The part to set down runs from the first line of the data below through the line with "张艺兴工作室在3月9日的声明", inclusive; write it exactly and leave out the pictures.

COLLECTED MATERIAL
Segment Open
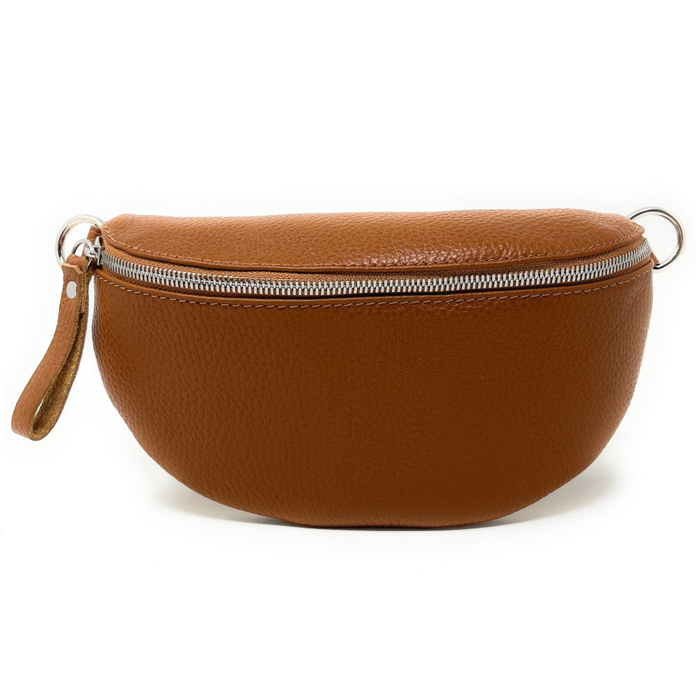 Sac banane en cuir grainé LOU-ANN Cognac
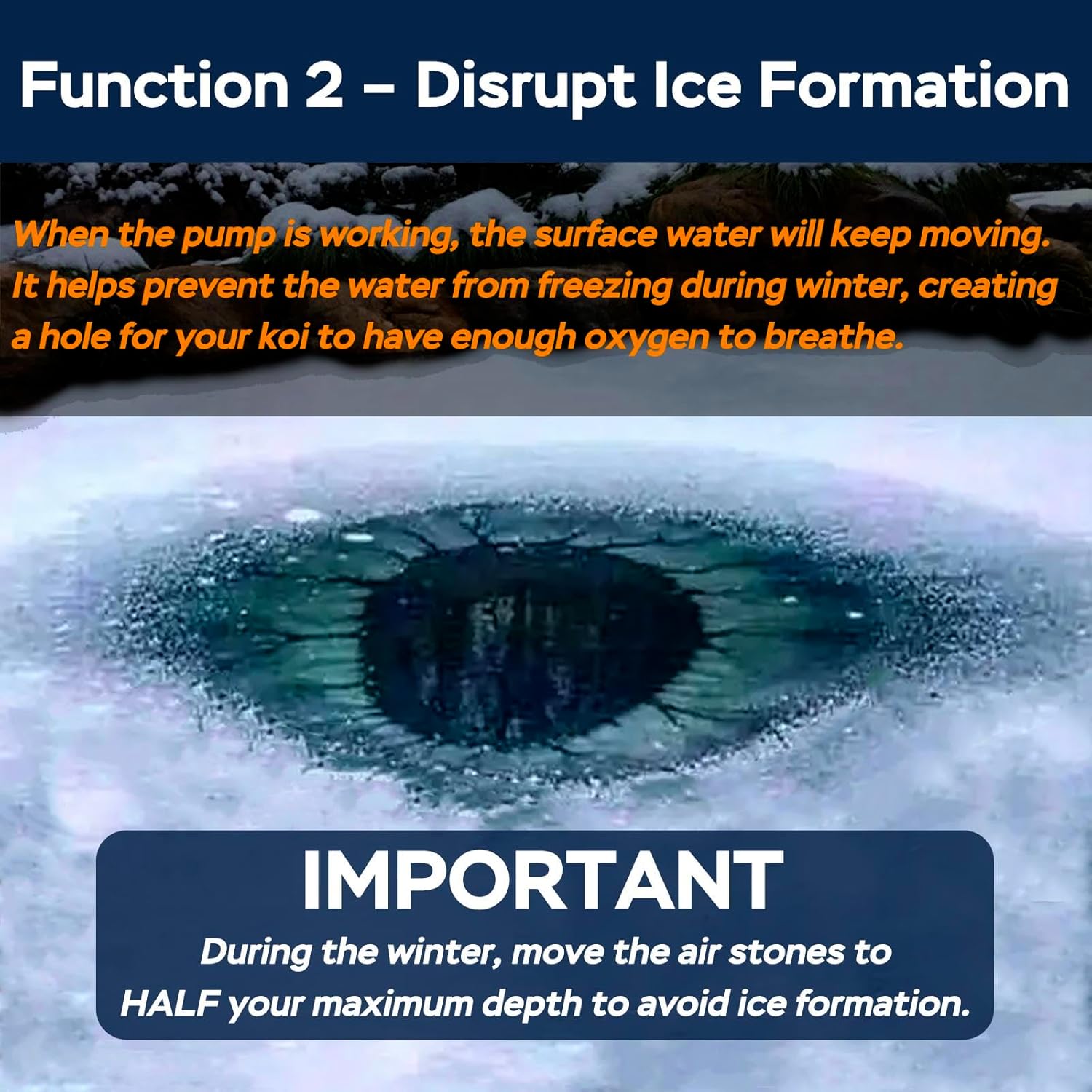 • DUAL-FUNCTIONAL - This versatile pond air pump serves a dual purpose. Not only does it work as a pond aerator, but it also helps prevent ice formation in the cold winter months. By creating a ventilation hole, it allows your koi to breathe and ensures their well-being even in colder temperatures.
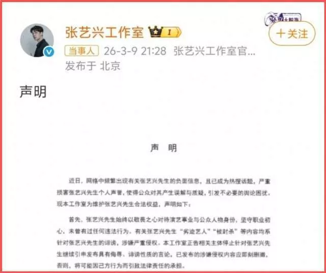 张艺兴工作室在3月9日的声明里,只否认了“劣迹艺人”和“封杀”的说法,说是诽谤,已经取证准备告了,然后强调艺兴刚做了手术,正在休养,四五月就会出来工作。
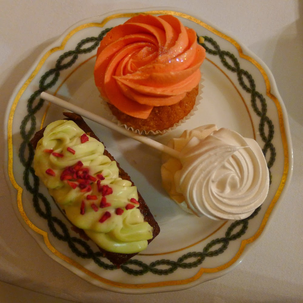Côté gourmandises: nous avons reçu pour deux un présentoir à gâteaux contenant douze finger sandwiches (des sandwiches au pain de mie, mais garnis d’ingrédients d’une super qualité, notamment un saumon dont Chouchou m’assure qu’il déchirait sa mémé poisson), une douzaine de mini-pâtisseries toutes différentes, aux saveurs recherchées et franchement sublimes (hélas, nous n’avons réussi à en manger que la moitié) et quatre scones (pas terribles, à ma grande déception) accompagnés d’une confiture de fruits rouges maison et d’une clotted cream tellement épaisse que la petite cuillère tenait à la verticale dedans. Le problème, c’est que j’ai calé assez vite et vraiment eu l’impression de gaspiller. Il est possible de demander une boîte pour emporter ce qui n’a pas été consommé sur place, et j’apprécie beaucoup l’initiative, mais ce n’est pas nécessairement pratique quand on est déjà chargé et qu’on loge dans une chambre d’hôtel sans frigo. Du coup, l’addition a eu un peu de mal à passer: à £36.50 par personne, plus le service, nous en avons tout de même eu pour environ 55€ chacun, un prix que je ne mets que rarement même dans un dîner au resto. Ca fait cher le goûter.
Segment Closed
THE ANSWER
 Sac banane en cuir grainé LOU-ANN Cognac
 • DUAL-FUNCTIONAL - This versatile pond air pump serves a dual purpose. Not only does it work as a pond aerator, but it also helps prevent ice formation in the cold winter months. By creating a ventilation hole, it allows your koi to breathe and ensures their well-being even in colder temperatures.
 张艺兴工作室在3月9日的声明里,只否认了“劣迹艺人”和“封杀”的说法,说是诽谤,已经取证准备告了,然后强调艺兴刚做了手术,正在休养,四五月就会出来工作。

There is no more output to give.